The Black Phone (2022) directed by Scott Derrickson is a horror film about a young boy named Finney Blake who is kidnapped by “The Grabber” (a serial kidnapper and killer) and is held in a basement. In the basement, there is a disconnected phone which mysteriously rings. Finney finds out that the callers are the ghosts of The Grabber’s previous victims whose aim is to help Finney escape.

The film’s aesthetic, sound, and details echoes to Indigenous scholar Eve Tuck and artist C. Ree’s (2013) notions of hauntings in which we “might experience seepage, to see the coordinates of the familiar change from underneath and overhead, to trouble the real into a space that momentarily houses ghosts and into a time and place that is unexplainably urgent” (Tuck & Ree, 2013, p. 647). The ghosts in this film seep throughout the movie, urging viewers to understand and be aware of what they want out of the living and what the living needs to know.

Throughout the film, I made connections between the characters and gender, race, and class issues as the film seems to trigger a sense of uneasy nostalgia. For example, I question how one of the female-identified characters, Gwen, is treated versus Finney’s female lab partner, or how the case of the one racialized boy was handled differently than those of the other boys.

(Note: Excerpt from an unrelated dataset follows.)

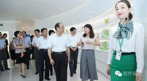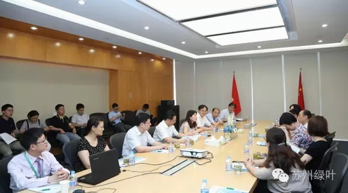 2016年7月20日,苏州市人大常委会陈振一主任一行莅临绿叶视察调研并指导工作。参与本次调研工作的市人大领导有:市人大常委会主任陈振一、副主任周玉龙、农经工委主任谢国珍等;参与本次调研工作的市国土资源局领导有:市国土资源局局长吴维群、副局长张焱等;陪同调研的市高新区领导有:高新区管委会主任周旭东、副主任邢文龙以及高新区浒关镇党委书记王永刚等。
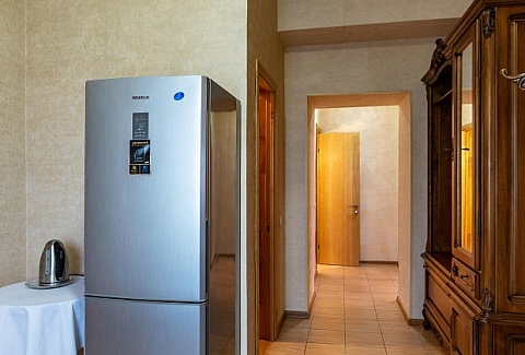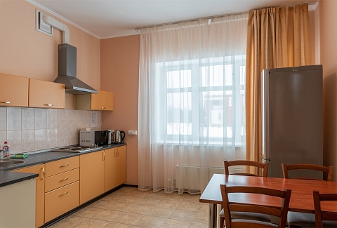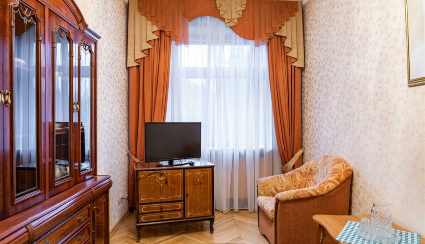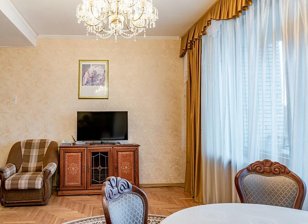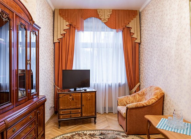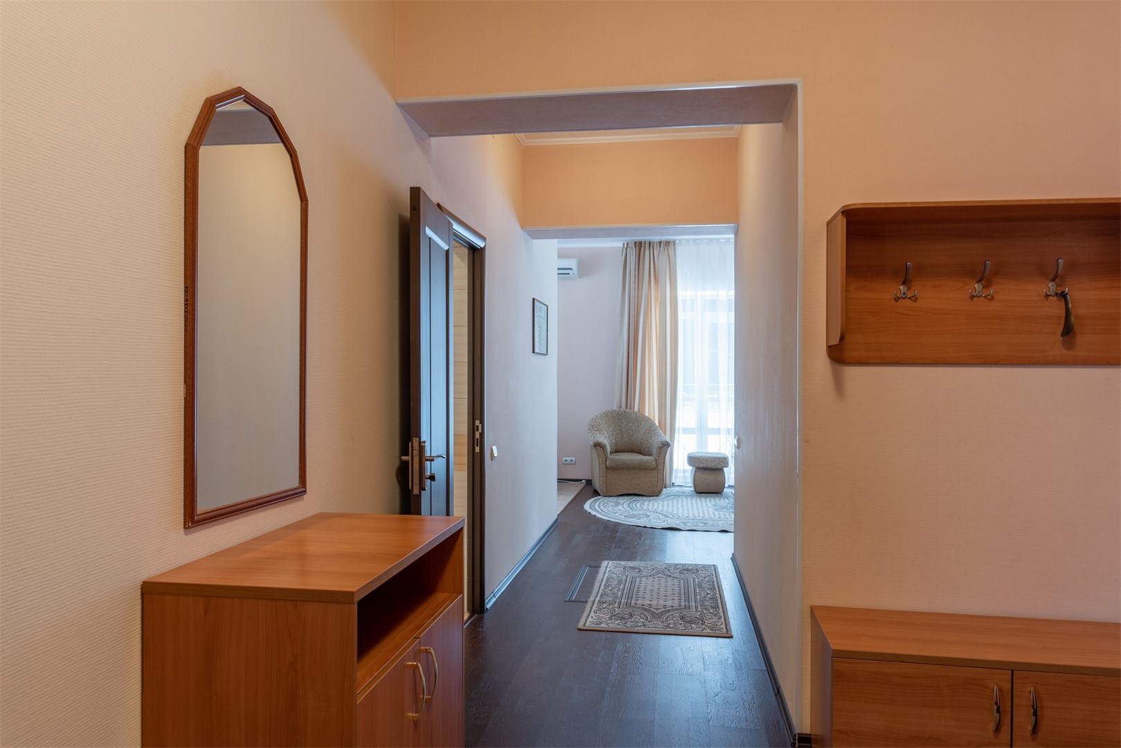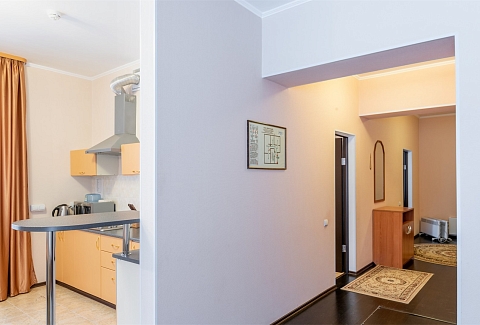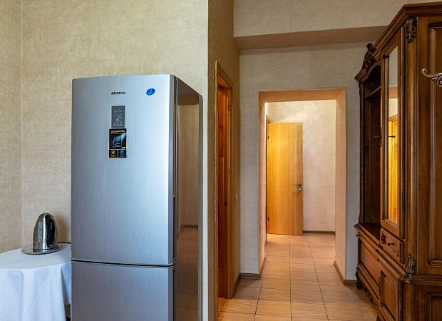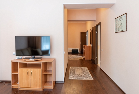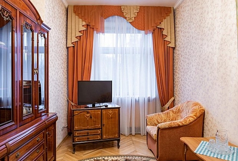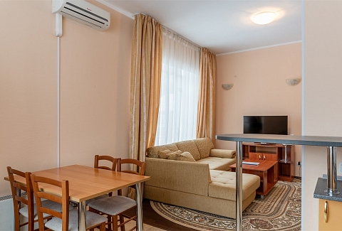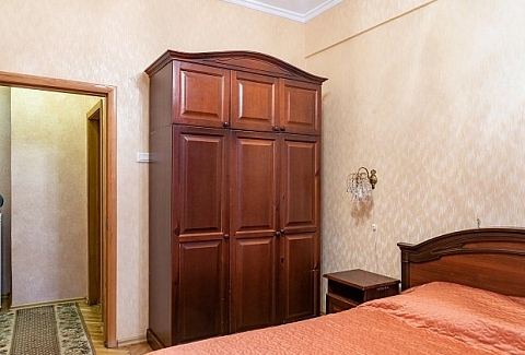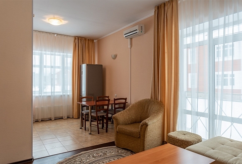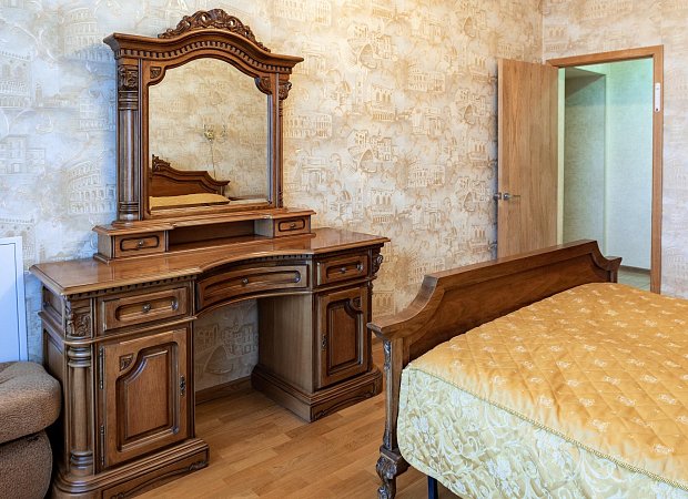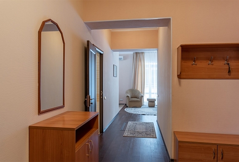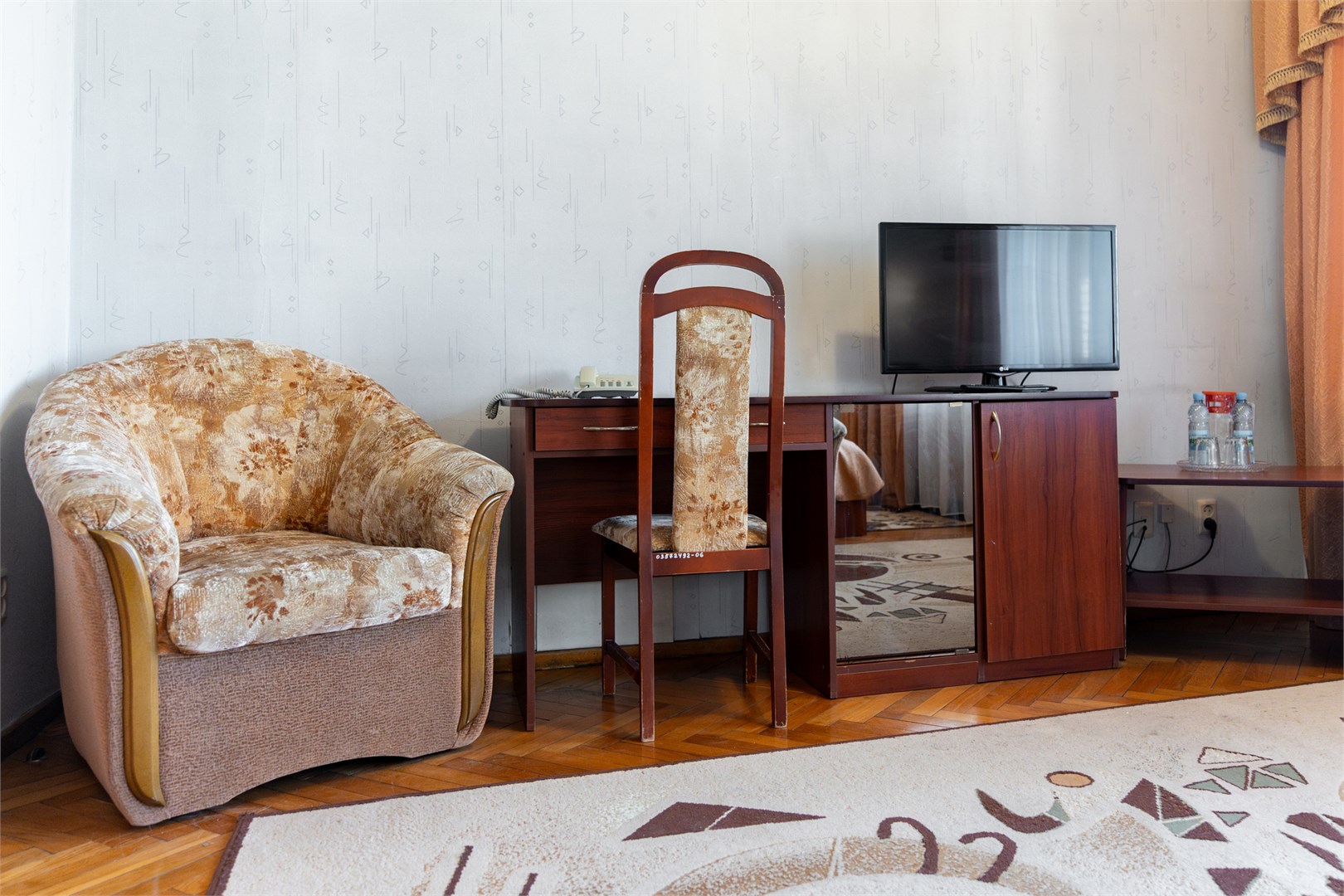 В номере: диван, зеркало, комод, кресла, кровати односпальные, кровать двуспальная, кухонная мебель, прикроватные тумбочки, стол, стулья, тумба под телевизор, шкаф, мини-холодильник, набор посуды, телевизор, телефон, электрочайник

This presentation will connect how the hauntings within the film and the uneasy sense of nostalgia connects to broader social justice issues surrounding race, gender, and class.

Resubmitted: 

About the presenter

Sheetal Prasad

I am a Ph.D. candidate in the Faculty of Education at York University. My current research examines representation within Canadian history classrooms for secondary schooling and how the typical colonial narrative presented in classrooms can be intervened through multimodal learning and engagement. I combine archival and art research methods to create augmented reality works that inform viewers of multiple perspectives in Canadian history.

Research Areas: history education, a/r/tography, hauntings, archives, multimodal learning, secondary schools.